His arrival at the head of the Canarinha had his crumb.
There are those who always suspected that the president of the Brazilian federation -and later of FIFA-, João Havelange, gave him the position with the anticipation that the criticism would be benevolent because he was one of the guild.
Saldanha was a peculiar type, even he came to threaten revolver in hand.
The dictatorship wanted to impose players on him, to which the communist selector refused.
It was so difficult to twist his arm that he took Pele to the dark room of the substitution in a friendly with Bulgaria, a colossal event in all of Brazil.
The scandal was such that a few months before the 1970 World Cup, Saldanha was replaced by Mario Zagallo, Pelé's former international teammate.

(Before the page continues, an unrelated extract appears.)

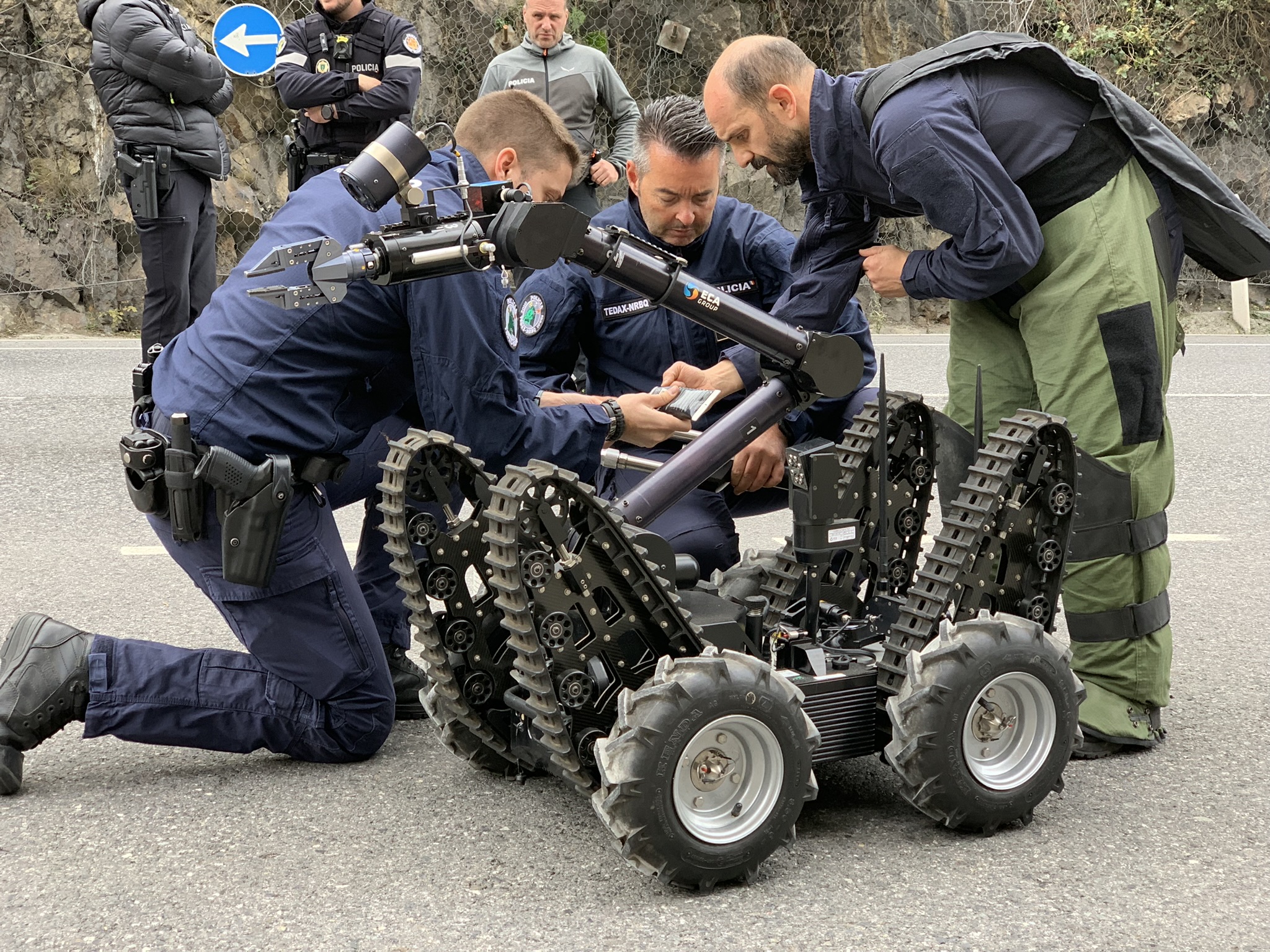 Amb l’ajuda del gos policia s’ha confirmat que es tractava d’un explosiu i aleshores s’ha avisat Bombers i SUM perquè es desplacessin. Mentre arribaven, un agent del TEDAX-NRBQ s’ha preparat per desplegar l’equip per analitzar l’artefacte i, tot seguit, s’ha enviat el robot de desactivació d’explosius per neutralitzar-lo amb seguretat. Posteriorment, els TEDAX-NRBQ han fet una darrera verificació.

Zagallo gathered the Praetorians of the squad at the Das Palmeiras hotel in Rio, they defined the role of each one and the totemic forward of the Five Tens emerged, because all of them, the four mentioned plus Pelé, were tens in their teams, although Jairzinho -who would score in all the games on Mexican soil, a unique record in the history of the World Cups- had been before the move as a winger.
Brazil devastated and fascinated equally in the Mexican tournament, in which Pelé, who had hinted four years earlier that he would not return to the national team, lifted his third Cup after scoring four goals in six games, one of them in the final against Italy .
By then, with the TV already as a common appliance,
no one doubted that the throne of world soccer had a single King.
The one that allowed a unique footballer to be specified in four letters: Pelé.